Non-employee members of the Board of Directors who are active Board
members on the date of the award, also participate in this Plan. All of
the terms and conditions of such option awards shall be the same as those
awarded to key management employees of the Company.
Employees and non-employee members of the Board of Directors who are
granted awards under this Plan are sometimes referred to herein as
"Participants."
4. Awards
(a) Types. Awards under this Plan may include stock options,
incentive stock options, restricted stock, performance units, stock
appreciation rights, and other stock incentives that may be deemed
appropriate by the Committee.
(1) Stock Options. Stock options are rights to purchase shares
of the Common Stock of the Company ("Common Stock") at a fixed price for a
specified period of time. The purchase price per share of Common Stock
covered by a stock option awarded pursuant to this Plan, including any
incentive stock options, shall be equal to or greater than the fair market
value of a share of the Common Stock on the date the stock option is
granted. The Committee shall have the power to determine when options
granted hereunder become exercisable.
Fair market value is the mean of the high and low sales prices
for Common Stock as reported on the NASDAQ Stock Market on the date of the
award; or if there are no sales on such date, on the next preceding day on
which there were sales. Such price shall be subject to adjustment as
provided in Section 7. Repricing and replacement of underwater stock
options shall not be permitted. Options granted under this Plan shall
expire no later than ten (10) years from the date of grant.
(2) Restricted Stock. Restricted stock is stock which is granted
subject to restrictions and risk of forfeiture until vesting provisions are
met. The full and/or partial vesting of any restricted stock award made
under this Plan will occur only upon the attainment by the Company of
performance goals established by the Committee at the time the award is
made.
(3) Stock Appreciation Rights. Stock appreciation rights are
rights to receive the difference between the fair market value of a share
of Common Stock on the grant date and the fair market value of a share of
Common Stock on the date the stock appreciation right is exercised.
(4) Performance Units. Performance units are rights to receive
up to 100% of the value (as determined by the Committee) of shares of
Common Stock as of the date of grant, which value may be paid in cash or
Common Stock, without payment of any amounts to the Company. The full
and/or partial payment of performance unit awards that may be granted under
this Plan shall be made only upon certification by the Committee of the
attainment by the Company of performance goals which have been established
by the Committee. No payment will be made if the performance goals are not
met.
(5) Other Stock Incentives. Other Common Stock Incentives may be
awarded by the Committee if, in its judgment, it deems such incentives
appropriate to attract key employees or provide performance incentives.
(b) Supplemental Awards. Participants who are newly hired or
promoted during the vesting period for stock options or during the award
period for other types of awards may be granted supplemental prorata
awards.
(c) Negative Discretion.

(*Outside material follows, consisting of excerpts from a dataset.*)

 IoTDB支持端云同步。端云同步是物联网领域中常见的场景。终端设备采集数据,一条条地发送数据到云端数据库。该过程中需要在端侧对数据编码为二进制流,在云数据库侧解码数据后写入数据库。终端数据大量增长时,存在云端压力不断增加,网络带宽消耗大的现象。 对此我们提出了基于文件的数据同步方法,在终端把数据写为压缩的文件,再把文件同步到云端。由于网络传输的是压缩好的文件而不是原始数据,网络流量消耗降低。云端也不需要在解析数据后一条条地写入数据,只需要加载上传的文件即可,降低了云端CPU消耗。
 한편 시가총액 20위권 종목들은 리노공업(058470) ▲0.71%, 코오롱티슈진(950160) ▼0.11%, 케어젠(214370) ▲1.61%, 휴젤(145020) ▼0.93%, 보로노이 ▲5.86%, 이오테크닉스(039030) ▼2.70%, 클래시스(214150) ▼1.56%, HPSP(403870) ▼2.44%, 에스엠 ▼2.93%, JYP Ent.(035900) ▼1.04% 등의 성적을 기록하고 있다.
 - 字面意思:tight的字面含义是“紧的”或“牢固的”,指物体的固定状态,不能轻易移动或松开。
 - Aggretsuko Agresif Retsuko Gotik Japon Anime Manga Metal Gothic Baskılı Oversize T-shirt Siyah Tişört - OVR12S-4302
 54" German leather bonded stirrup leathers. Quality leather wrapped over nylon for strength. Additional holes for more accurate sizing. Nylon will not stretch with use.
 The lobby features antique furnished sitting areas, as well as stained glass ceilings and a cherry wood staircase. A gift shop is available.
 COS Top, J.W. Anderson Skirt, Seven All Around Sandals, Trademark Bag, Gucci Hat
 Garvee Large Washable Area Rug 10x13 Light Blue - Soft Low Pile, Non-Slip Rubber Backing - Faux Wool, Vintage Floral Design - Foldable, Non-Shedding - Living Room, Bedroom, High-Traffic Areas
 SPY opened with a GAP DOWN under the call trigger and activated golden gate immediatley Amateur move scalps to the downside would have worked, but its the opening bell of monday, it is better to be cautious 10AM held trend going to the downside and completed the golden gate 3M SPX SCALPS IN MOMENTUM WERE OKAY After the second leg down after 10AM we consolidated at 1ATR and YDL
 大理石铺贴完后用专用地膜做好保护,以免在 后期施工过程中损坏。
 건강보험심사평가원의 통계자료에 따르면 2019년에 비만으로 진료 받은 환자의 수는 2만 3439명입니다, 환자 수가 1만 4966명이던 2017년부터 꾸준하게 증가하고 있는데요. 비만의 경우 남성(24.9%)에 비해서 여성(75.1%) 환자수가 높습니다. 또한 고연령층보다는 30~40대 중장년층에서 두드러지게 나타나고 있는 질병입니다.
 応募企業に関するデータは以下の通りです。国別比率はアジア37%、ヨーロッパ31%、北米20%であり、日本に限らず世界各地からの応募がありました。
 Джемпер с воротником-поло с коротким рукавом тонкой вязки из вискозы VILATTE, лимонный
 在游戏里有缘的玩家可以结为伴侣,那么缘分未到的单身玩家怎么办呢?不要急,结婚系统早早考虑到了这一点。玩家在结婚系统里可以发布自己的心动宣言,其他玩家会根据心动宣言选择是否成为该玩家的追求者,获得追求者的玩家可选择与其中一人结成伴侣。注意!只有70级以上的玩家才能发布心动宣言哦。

Notwithstanding the attainment by the
Company of any performance goal, the Committee has the discretion, by
Participant, to reduce some or all of an award that would otherwise be
made.
(d) Guidelines. The Committee shall adopt from time to time written
policies for its implementation of this Plan. Such policies shall be
consistent with this Plan and may include, but need not be limited to, the
type, size, and term of awards to be made, and the conditions for such
awards. Conditions for grant or exercise may include, without limitation,
eligibility, employment with the Company, manner of exercise, option
period, and limitations on exercise.
(e) Maximum Awards. An employee may be granted multiple awards under
this Plan, but no one employee may be granted awards which would result in
his or her receiving options or other awards for more than 30,000 shares
under this Plan in any one calendar year. Each non-employee director shall
each year be awarded an option to purchase 1,000 shares.
5. Shares of Stock Subject to the Plan
The shares that may be delivered or purchased under this Plan shall
not exceed an aggregate of 500,000 shares of Common Stock (as adjusted, if
appropriate, pursuant to Section 7 hereof). Such shares may be treasury,
repurchased, or authorized, but unissued shares of Common Stock.
6. Deferred Payments
The Committee may determine that all or a portion of a payment to a
Participant under this Plan, whether it is to be made in cash, shares of
Common Stock, or a combination thereof, shall be deferred. Deferrals shall
be for such periods and upon such terms as the Committee may determine in
its sole discretion.
7. Dilution and Other Adjustments
In the event of any change in the outstanding shares of Common Stock
by reason of any split, stock dividend, recapitalization, merger,
consolidation, combination or exchange of shares or other similar corporate
change, such equitable adjustments shall be made in this Plan and the
awards thereunder as the Committee determines are necessary and
appropriate, including, if necessary, an adjustment in the maximum number,
the price, or kind of shares subject to this Plan or which may be or have
been awarded to any Participant. Such adjustment shall be conclusive and
binding for all purposes of this Plan.
8. Miscellaneous Provisions
(a) Misconduct. If the Committee determines that a present or former
employee has (1) used for profit or disclosed to unauthorized persons,
confidential information or trade secrets of the Company, or (2) breached
any contract with or violated any fiduciary obligation to the Company, or
(3) performed any other actions detrimental to the Company, that employee
shall forfeit any outstanding or future rights under this Plan.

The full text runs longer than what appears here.